**Task objective:** Skipping all pictures, print exactly the lines below from the one with "Başkan Erdoğan festival" through the final line.

---------- Given material ----------

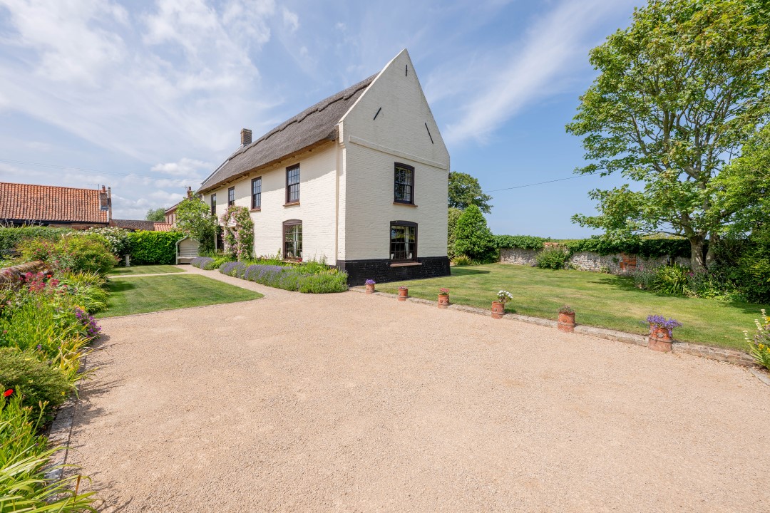 This picture-perfect Grade II listed thatched property with roses round the door and lavender along the path, sits in a superb position, walking distance from a golden sandy beach and set within a vibrant village, close to the Broads. It has a fascinating history and comes complete with a large barn offering interesting potential, a sunny, south-facing walled garden and so much more besides. Please note there are two floorplans loaded, one for the house and one for the barn.
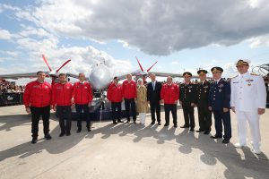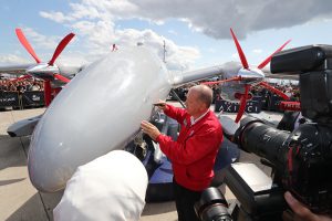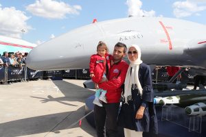 Başkan Erdoğan festival kapsamında sergilenen Türkiye’nin yerli ve milli silahlı İHA’sı Akıncı’nın üzerine imzasını attı.
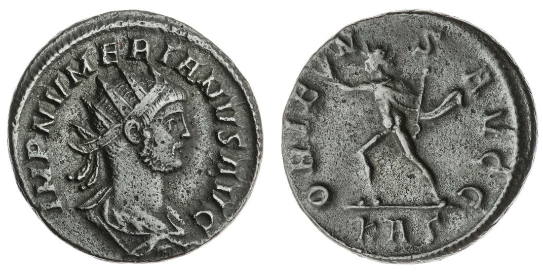 The Hanlon Collection | Roman Empire, Numerian, 283-284AD, AE Antoninianus, Radiate and draped bust r. rev Sol advancing left, raising right hand and holding whip in his left. KAS in exergue, 3.76g, ( C.37 ; RIC.412 ) dark toning, sharp details, VF

----------

**Output below:**
 Başkan Erdoğan festival kapsamında sergilenen Türkiye’nin yerli ve milli silahlı İHA’sı Akıncı’nın üzerine imzasını attı.
 The Hanlon Collection | Roman Empire, Numerian, 283-284AD, AE Antoninianus, Radiate and draped bust r. rev Sol advancing left, raising right hand and holding whip in his left. KAS in exergue, 3.76g, ( C.37 ; RIC.412 ) dark toning, sharp details, VF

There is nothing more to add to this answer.